Michal Dolezal: Nie mam postawionych konkretnych zadań

  • 2019-05-10 21:16

W ostatnich tygodniach czeskie media coraz częściej przeprowadzają wywiady z Michalem Dolezalem, nowym trenerem reprezentacji Polski w skokach narciarskich. Dziennikarze naszych południowych sąsiadów porównują objęcie tej funkcji do zostania szkoleniowcem piłkarskiej drużyny Brazylii lub hokejowego zespołu Kanady. Tym razem nowy trener Biało-Czerwonych udzielił wywiadu portalowi Sport.cz.

Michal Dolezal przyznaje rację porównaniom czeskich dziennikarzy: - To prawda, w świecie skoków narciarskich czterema najlepszymi drużynami są Polacy, Niemcy, Austriacy oraz Norwegowie. Polska w ostatnich trzech sezonach dwukrotnie triumfowała w Pucharze Narodów - przyznaje szkoleniowiec, który zdaje sobie sprawę z wdrapania się na sam szczyt trenerskiej kariery, ale nie zamierza spoczywać na laurach.

Przypomnijmy, iż Czech zastąpił na stanowisku trenera Stefana Horngachera, który podczas trzech ostatnich sezonów odnosił z Biało-Czerwonymi liczne sukcesy: - Kwestia otrzymania tego stanowiska była omawiana już podczas mistrzostw świata w Seefeld, ale nie podjęto wtedy konkretnych działań. Ostateczna decyzja została podjęta przed finałowymi zawodami Pucharu Świata w Planicy - przyznaje "Dodo".

Czeskie media zwracają uwagę, iż skoki narciarskie mają w Polsce status zbliżony do sportu narodowego. Duże zainteresowanie wiążę się najczęściej z dużą presją wyniku: - Poprzeczka zawieszona jest bardzo wysoko, ale nie wierzę, że nie będziemy w stanie jej przeskoczyć. Nie mam postawionych konkretnych zadań, ale to oczywiste, że wszyscy oczekują dobrych wyników, miejsc w czołówce zawodów oraz klasyfikacji generalnej Pucharu Świata - zaznacza Dolezal.

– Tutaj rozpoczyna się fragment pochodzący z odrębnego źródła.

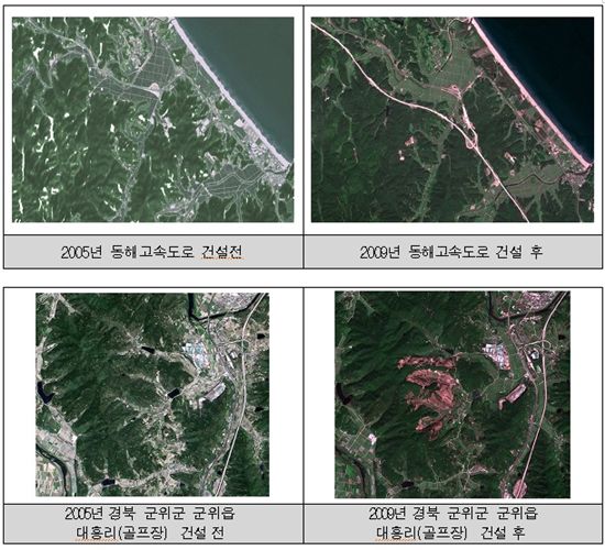 지리정보원은 이에 지난 2005년 구축된 강원·경북 지역 국토모니터링 결과와 올해 사업결과를 비교한 결과 총 130.33㎢의 땅이 개발됐다고 밝혔다. 이는 여의도 면적의 15.4배 가량 되는 수치다.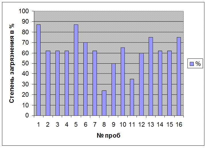 Таким образом, концентрация меди превышает ПДК в 15-ти пробах из 16, концентрация кобальта выше ПДК в 7 пробах из 16, никеля - в 14, цинка - в 15, свинца - в 10, хрома - в 1, а концентрация марганца ни в одной пробе не превышает ПДК.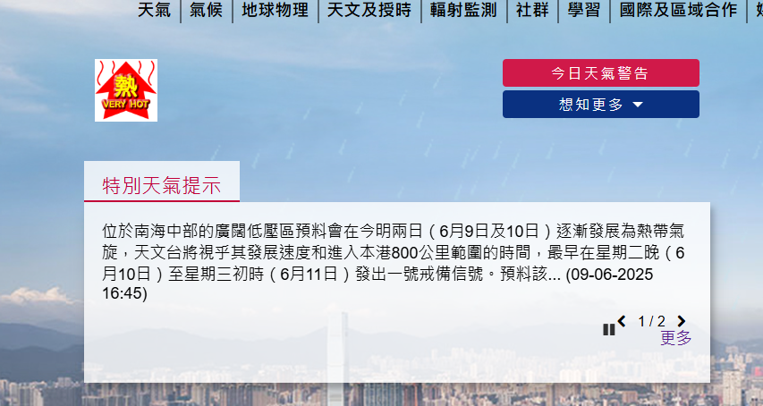大公文匯全媒體報道,天文台今日(9日)發布最新特別天氣提示表示,位於南海中部的廣闊低壓區預料會在今明兩日(9日至10日)逐漸發展為熱帶氣旋,天文台將視乎其發展速度和進入本港800公里範圍的時間,最早在星期二晚(10日)至星期三初時(11日)發出一號戒備信號。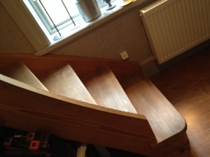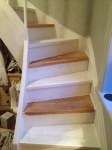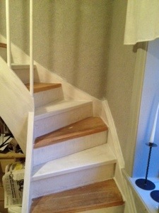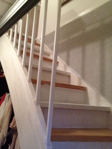 Nu äntligen har jag satt i gång att måla vår trävita och supertråkiga trapp..Trappen skall nu bli vit och Slipning och grundmålning stod på schemat i dag..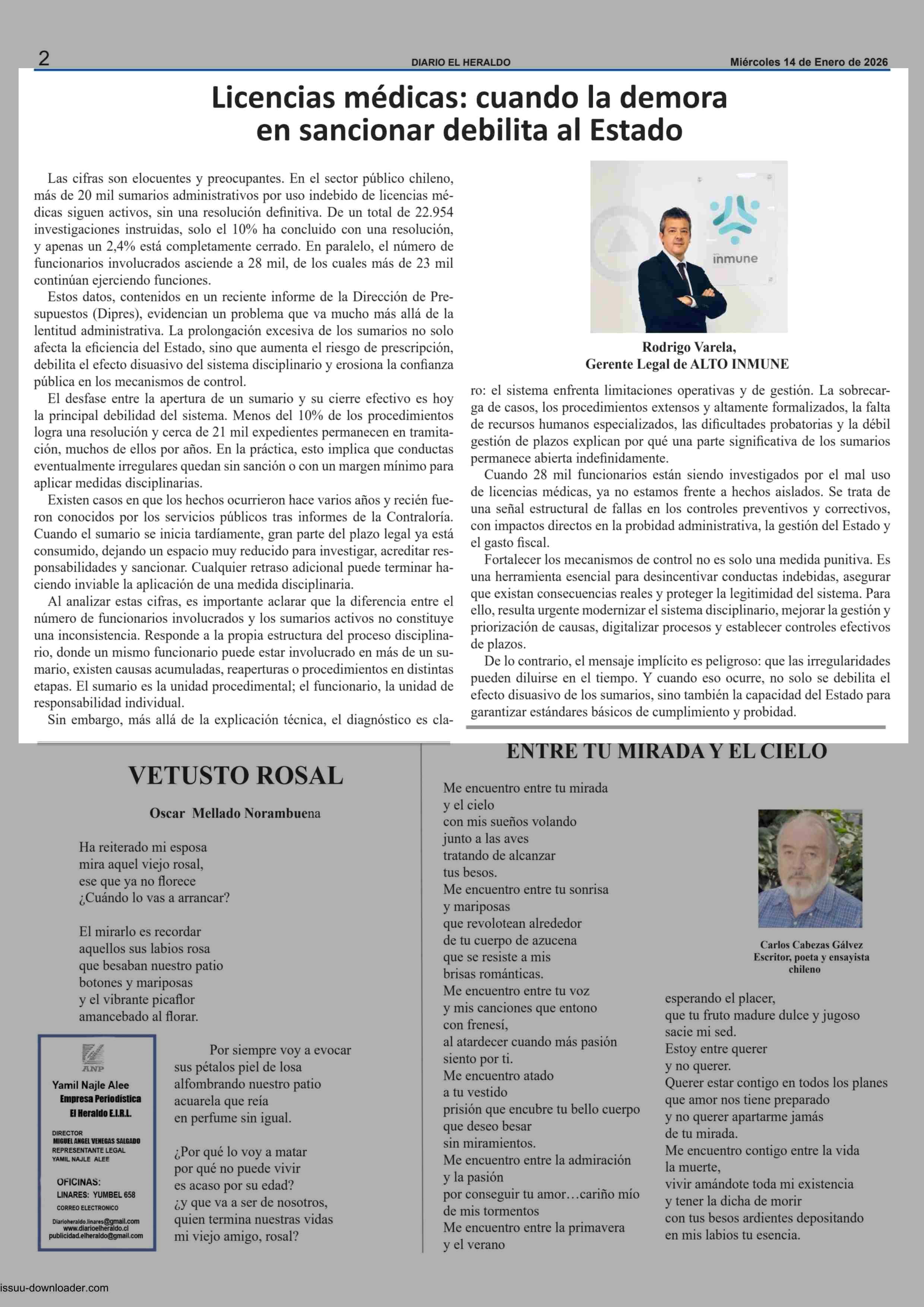Columnas de Opinión: Licencias médicas: cuando la demora en sancionar debilita al Estado 14-01-2026 El Heraldo |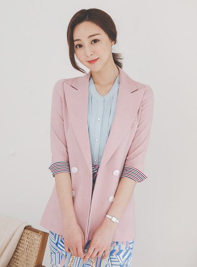 ストライプ はいしょく スリム ダブル リネン ジャケット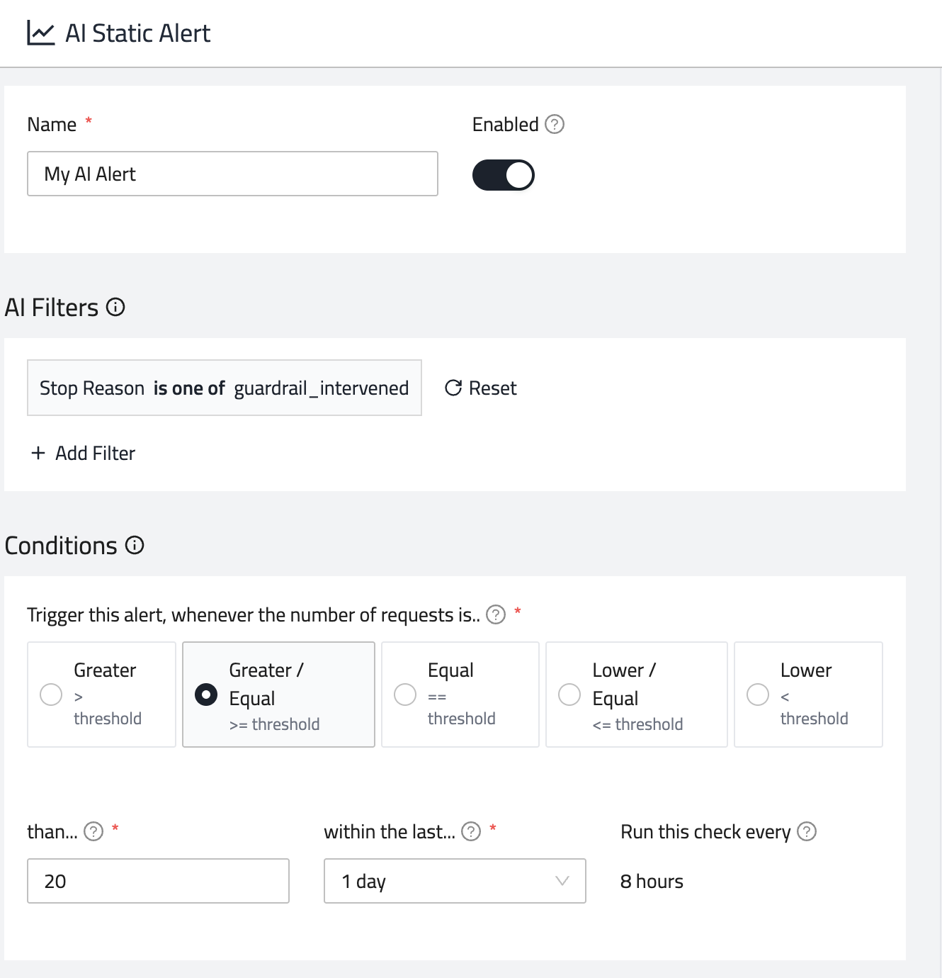 AI Filters - Apply filters to define what should be monitored by the alert.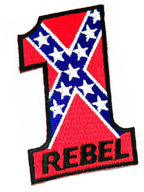 Rebel #1. The venerable biker symbol and Confederate flag is here in iron-on patch form.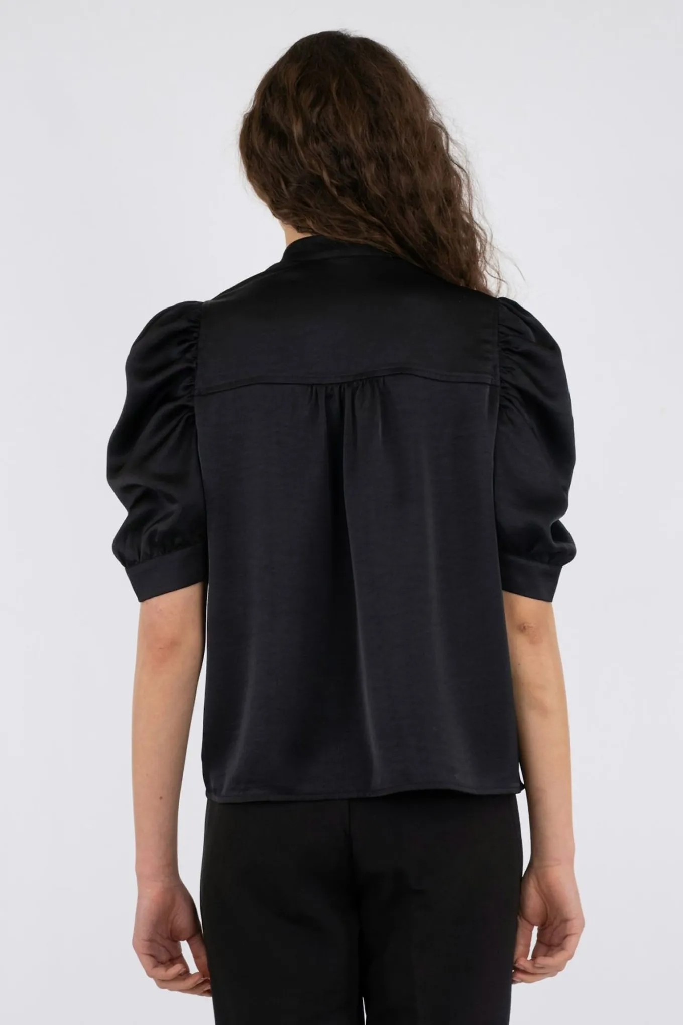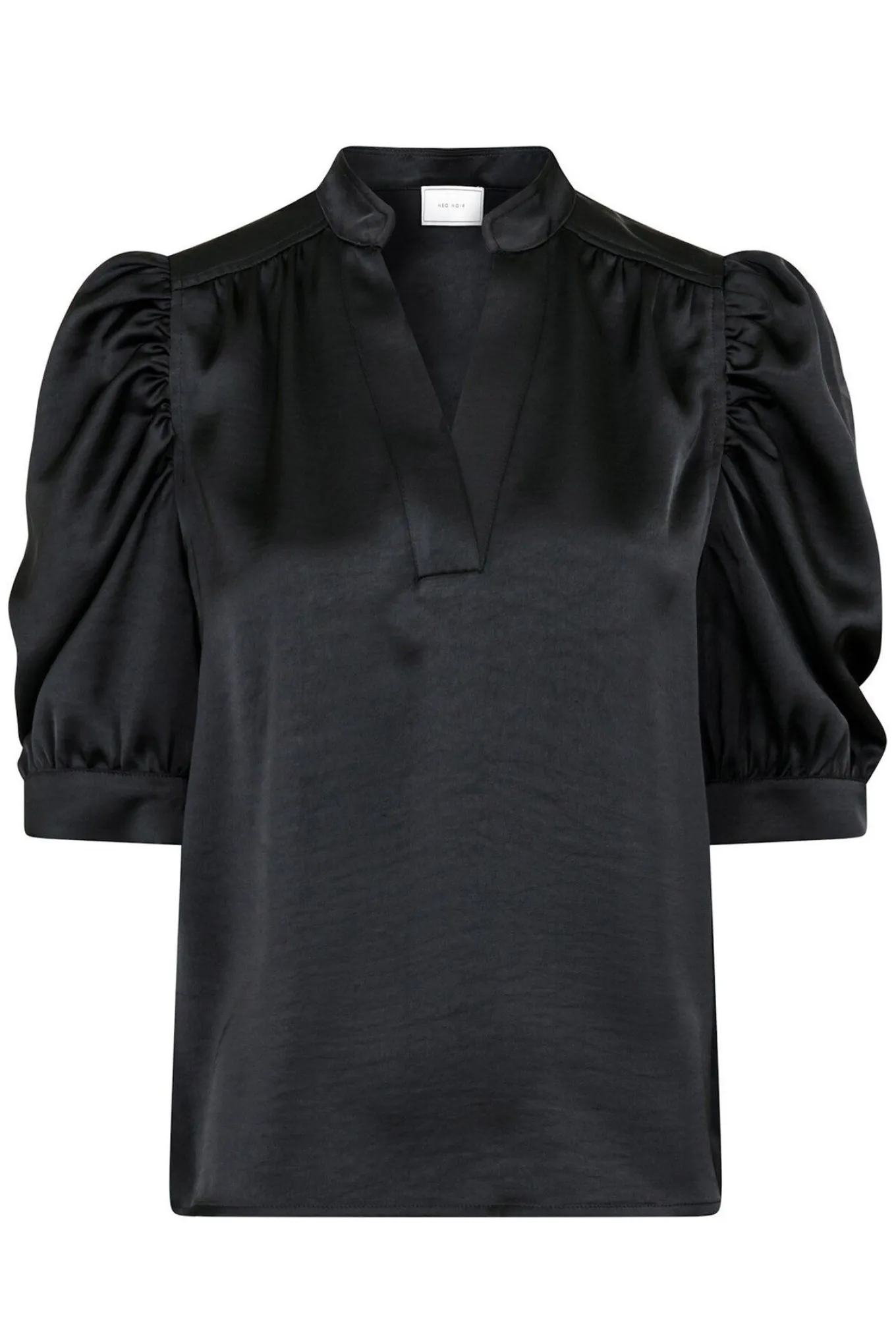 Feminin bluse fra Neo Noir med korte pufærmer, v-udskæring i halsen og en smuk satin kvalitet.

Jedną z osób, z którymi Michal Dolezal pracuje od ponad trzech lat, jest dyrektor-koordynator ds. skoków narciarskich i kombinacji norweskiej, Adam Małysz. Szkoleniowiec opowiada o czterokrotnym zdobywcu Kryształowej Kuli wyłącznie w pochlebnych słowach: - Wspólnie skakaliśmy z Adamem. Obecnie w roli dyrektora jest tak samo profesjonalny jak w przeszłości na skoczni. To świetna osobowość.

Nie obyło się bez porównania bazy szkoleniowej w Polsce i Czechach. Nowy trener Biało-Czerwonych nie pozostawia jednak złudzeń swoim rodakom: - Mój zespół ma trzy ośrodki treningowe - w Szczyrku, Wiśle i Zakopanem - z których może korzystać kiedy tylko zapragnie. Ponadto jest ogromna różnica finansowa w kwestii budżetu związków w Polsce i Czechach. Po prostu, kiedy chcę się skoncentrować nad konkretną sprawą, to mogę to zrobić bez żadnych problemów - kończy Dolezal.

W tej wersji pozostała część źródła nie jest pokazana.